Exhibit 34.29 Scatterplot. (Source: SPSS).
Simple and multiple linear regression are linear by definition. Moreover, the
correlation measures that these techniques are based on, represent only the linear association
between variables.
Linearity may be visually examined via scatterplots such as the one shown in
Exhibit 34.29. Alternatively, for a more accurate assessment, you could run a simple
regression analysis and examine the pattern of residuals.
Nonlinear relationship can be made linear in parameters by transforming one or more
of the variables.
Common approaches include,for relatively flat distributions, the inverse
transformation 1/x or 1/y, and for positively skewed distributions distribution, square
root transformation:
$$x_{new}=\sqrt{x_{old}},$$
And log, for negatively skewed distribution:
$$x_{new}= log(x_{old}).$$
New variables may be created to represent the nonlinear portion of the relationship.
Polynomials (x2 or x3) for instance, are power
transformations of an independent variable that add a non-linear component:
- x1 (power = 1): linear.
- x2 (power = 2): quadratic.
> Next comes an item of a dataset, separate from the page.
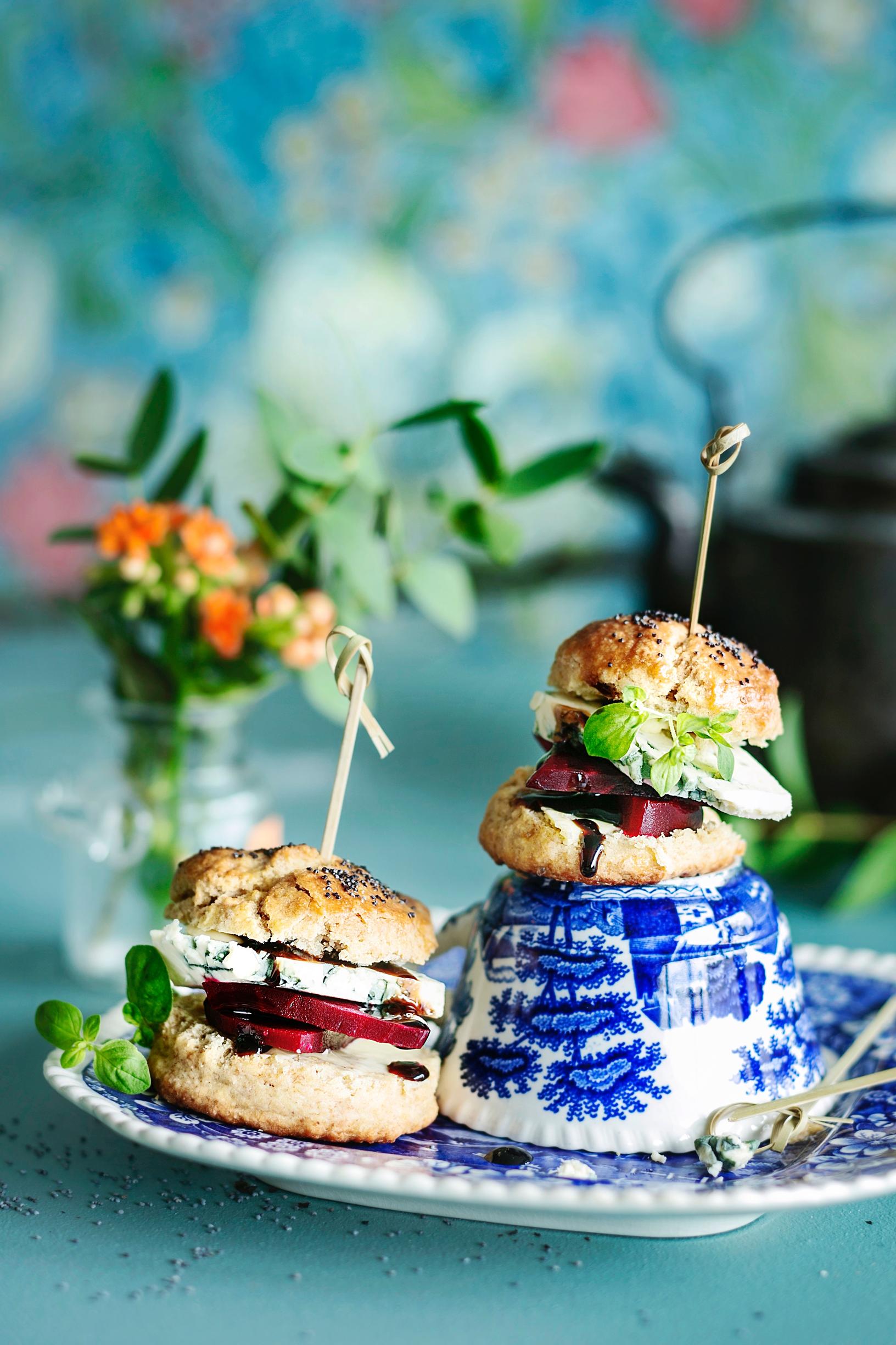 Jos haluat kokeilla jotakin uutta, leivo valkosuklaiset skonssit ja täytä ne villisti keitetyllä punajuurella ja sinihomejuustoviipaleella. Tuore oregano ja balsamisiirappi viimeistelevät suolaisenmakean täytteen.

Single inflection point.
- x3 (power = 3): cubic. Two inflection points.
If the relationship is known to be nonlinear with inflection points, a common practice
is to start with the linear component, and then sequentially add higher-order polynomials till there
is no significant additional improvement in the fit (R2). The t-test would confirm whether
or not the additional terms are significant.